Hey all, I have a 96 200SX SER ecu in my turbo G20 and have codes for EGR and rear 02 since I have no egr system or cat. I've searched the forums but cannot find what value resistors I can use to shut these codes off with my JWT ecu. Apparently this unit was flashed for turbo but didn't the installer didn't have JWT do the internal resistor work. I heard I can put a resistor inline for the rear 02 and I can put a certain value resistor into the egr temp sensor plug. Anyone know? Please help if you do.

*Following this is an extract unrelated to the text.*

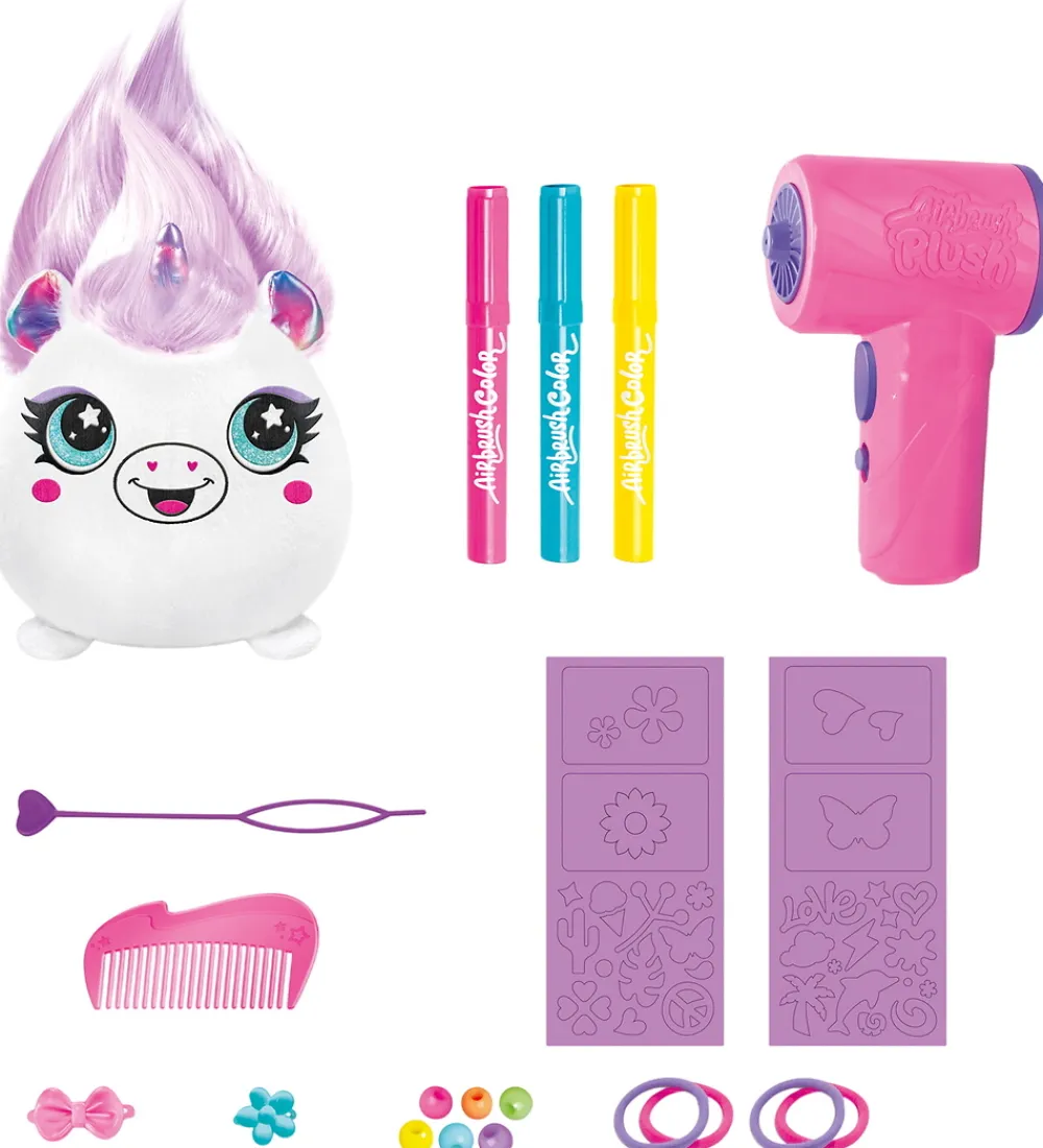 Airbrush Plush bamsen er blød, sød og nuttet, og du kan selv farvelægge den med de medfølgende 3 airbrush-farver og 30 genanvendelige skabeloner. Så kan du airbrushe bamsen i et utal af smukkes designs. Airbrush-farverne vaskes nemlig nemt af igen. Der medfølger også en masse tilbehør, så du kan style bamsens flotte hår.

Yes I did a search here and can't find the answers.


----------



## wes (Apr 30, 2002)

DRAGIN said:


> Hey all, I have a 96 200SX SER ecu in my turbo G20 and have codes for EGR and rear 02 since I have no egr system or cat. I've searched the forums but cannot find what value resistors I can use to shut these codes off with my JWT ecu. Apparently this unit was flashed for turbo but didn't the installer didn't have JWT do the internal resistor work. I heard I can put a resistor inline for the rear 02 and I can put a certain value resistor into the egr temp sensor plug. Anyone know? Please help if you do.
> 
> Yes I did a search here and can't find the answers.

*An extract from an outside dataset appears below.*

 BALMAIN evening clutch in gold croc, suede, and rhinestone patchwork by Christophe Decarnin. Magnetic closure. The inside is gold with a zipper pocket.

I do not know the value off hand but the resistor trick does not always work. Anyway if you call JWT directly they should be able to help you with this.


----------



## TJ200SX (Apr 30, 2002)

DRAGIN said:


> Hey all, I have a 96 200SX SER ecu in my turbo G20 and have codes for EGR and rear 02 since I have no egr system or cat. I've searched the forums but cannot find what value resistors I can use to shut these codes off with my JWT ecu. Apparently this unit was flashed for turbo but didn't the installer didn't have JWT do the internal resistor work. I heard I can put a resistor inline for the rear 02 and I can put a certain value resistor into the egr temp sensor plug. Anyone know? Please help if you do.
> 
> Yes I did a search here and can't find the answers.


It's supposed to be a 68k ohm to 70k ohm resistor on the egr temp sensor. It hasn't worked for me yet though.


----------